Two years after Oklahomans joined thousands of others in protesting the Dakota Access oil pipeline in North Dakota, one of the American Indian activists has reached a plea deal on charges of inciting a riot.

Chase Iron Eyes will avoid jail time after the plea deal resulted in the charge being reduced to disorderly conduct.  Even then, he was still defiant on the pipeline and what he and thousands of others did over a nearly two-year period.

“The world should know that it’s legally impossible for me and other Native people to trespass on treaty land, and I never started a riot,” Iron Eyes said Tuesday. “I and the water protectors are not terrorists.”

A judge still has to sign off on the deal which will put Iron Eyes on one year of probation and result in $1,850 in fines and fees.

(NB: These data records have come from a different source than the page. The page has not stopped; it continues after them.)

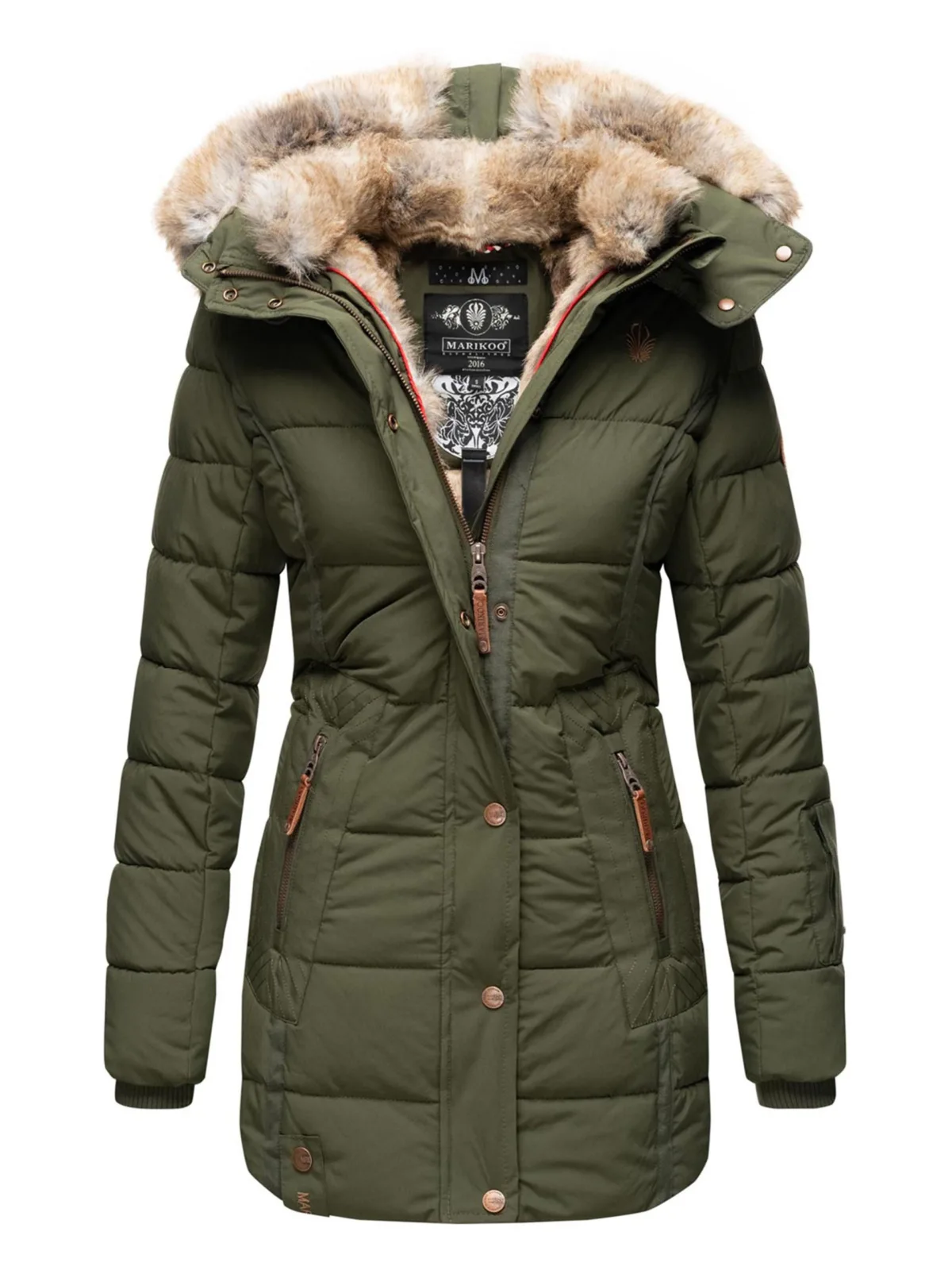 Marikoo dames winterjas met capuchon & imitatiebont voering Prijzen
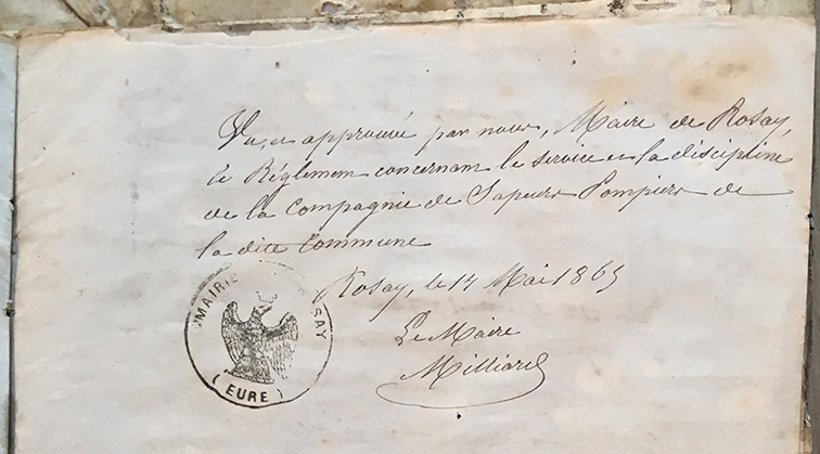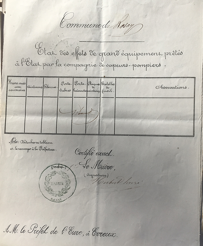 | Lors de la guerre de 1870, l'état réquisitionne les équipements de pompiers. En 1872, le maire de Villez sous Bailleul (entre Gaillon et Vernon) reconnit avoir reçu un équipement de la préfecture. Ce récipissé est une indication sur l'équipement d'un pompier à cette époque, en particulier sur le fait qu'il puisse être armé. A Rosay, le maire renvoi en préfecture un courrier indiquant l'absence d'équipement prêté. On sait que lors de l'invasion prussienne en 1870, le matériel de musique avait été mis en sécurité au château. On pet penser qu'il en a été de même pour l'équipement des pompiers. |
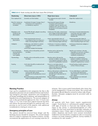 TABLE 23.12 Acute nursing care after burn injury (first 24 hours)
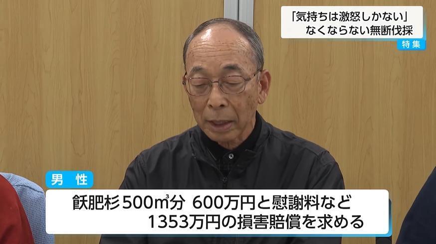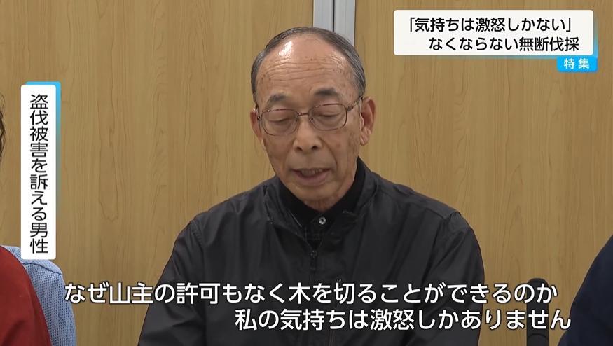しかし、被害者男性は、汗を流して体力を使って大事に育ててきた山が一瞬にして失われたことに、「なぜ山主の許可もなく木を切ることができるのか。私の気持ちは激怒しかありません」と語気を強める。
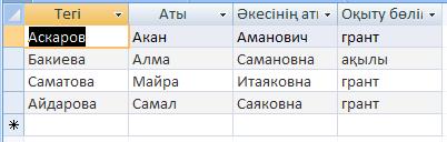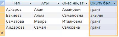 Осы қадамдарды орындағаннан соң, ОК батырмасын басқанда бізге қажет грантта оқитын студенттердің тізімі шығады:
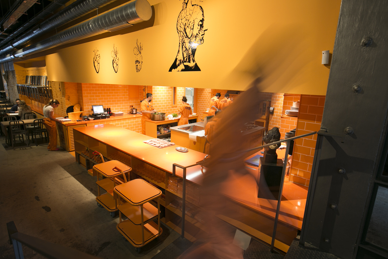 The open kitchen, painted in a striking peach orange to match the team’s uniforms, stands out as the most spectacular element. For the cocktail bar, the use of metallic profiles creates an industrial forest. Overall, the space seeks to awake a feeling of surprise, of the unexpected and a feeling of curiosity which precedes the gastronomic proposal.
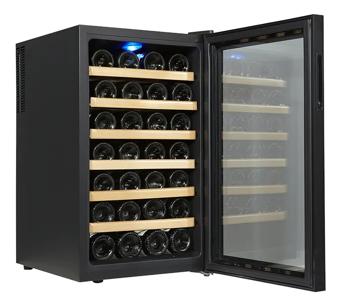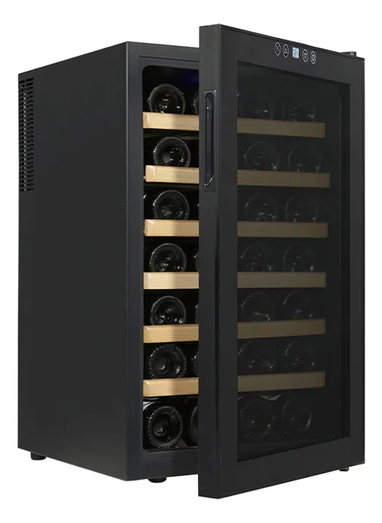 Marca Vondom Modelo T28 Color Negro Voltaje 220V Modelo detallado T28 Frecuencia 50 Hz Potencia 70 W Temperatura Cantidad de zonas de temperatura 1 Temperatura mínima - Temperatura máxima 10 °C - 18 °C Con control de temperatura Sí Especificaciones Capacidad de botellas 28 Sistema de refrigeración Termoeléctrico Capacidad en volumen 70 L Cantidad de bandejas 5 Material de la bandeja Madera Orientación de la cava Vertical Materiales de la puerta Vidrio doble templado Peso y dimensiones Ancho x Profundidad x Altura 43 cm x 51 cm x 73 cm Peso 20 kg Otros Con luz interior Sí Con sistema antivibración Sí Cava de vinos para 28 botellas con estantes de madera
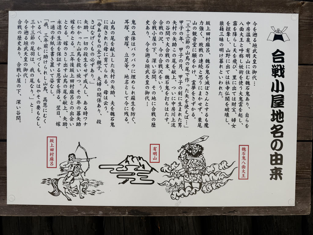 このルートは定期的に休憩出来るベンチと、約900m登ったところに食事が出来る「合戦小屋」がある事、
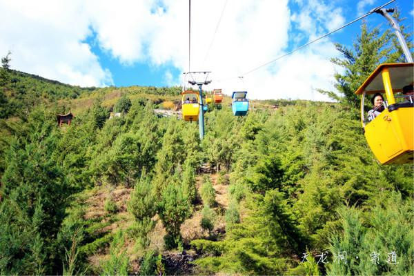 顶端就是“天龙洞”话说“天龙八部”的拍摄地。门头很气派,洞内的气温有点低,幸好穿的挺厚。碰巧遇到一位导游在讲解,一路上我们就跟随着他们的足迹,边听边瞧。走到“通天望月”需要多上几百级台阶,他们没有跟上来。我们自行前往去一探究竟。确实有那么一个洞口是可以看到阳光,看到天空。看来这传说是真的。参观完溶洞从出口坐索道返回。接下来是品茶,这次是三道茶。口味大同小异,类似于风花雪月。休息片刻,接着上路。
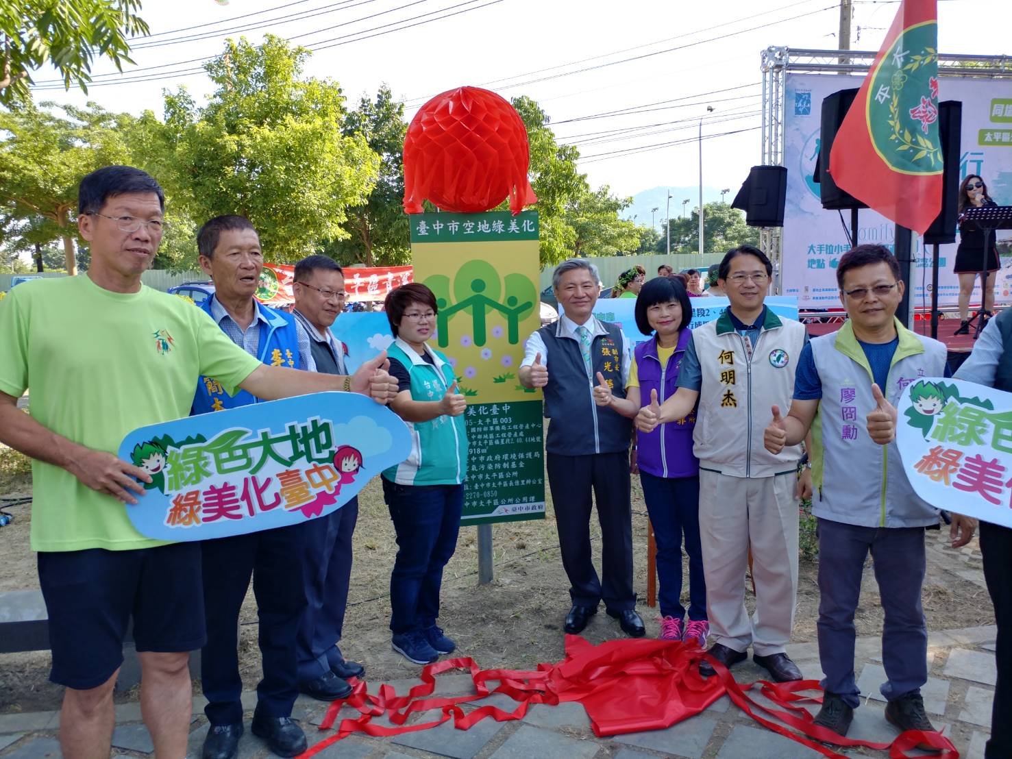 農業局輔導太平區公所行銷在地農產品,今日舉辦花現市集活動,並舉行綠色大地福星段綠美化空地揭牌啟用典禮,張副市長在農業局長王俊雄的陪同下出席,包括立委何欣純辦公室主任廖冏勳、市議員張玉嬿、何明杰、太平區長陳小菲等人均出席,市議員賴義煌、李麗華也派代表共襄盛舉,一同見證綠美化空地啟用儀式。

His attorneys called it a “major victory” while prosecutors didn’t comment.

“Now I can be with my family and continue defending the sovereignty of my people,” said Iron Eyes, an attorney with the Lakota People’s Law Project. “This will allow me to keep working nonstop to protect First Amendment, human and Native rights.”

Iron Eyes could have faced five years in prison if convicted of the felony riot charge filed after a February 2017 incident in which he and 73 others were arrested after erecting teepees on disputed land. Authorities said the land was owned by Texas-based pipeline developer Energy Transfer Partners. Protesters said they were peacefully assembling on land they believe rightfully belongs to American Indians under old treaties.

“Water protectors” is what members of the Standing Rock Sioux and others dubbed themselves as they opposed the $3.8 billion pipeline to move North Dakota oil under the tribe’s Missouri River water supply and through South Dakota and Iowa to a shipping point in Illinois.

Thousands of opponents who worried about environmental harm gathered in encampments near the Standing Rock Reservation in 2016 and early 2017 to protest the pipeline that ETP maintains is safe. Some of them clashed with police, resulting in 761 arrests in a six-month span. The pipeline began operating in June 2017, but Standing Rock and three other tribes are still fighting in federal court to try to shut it down.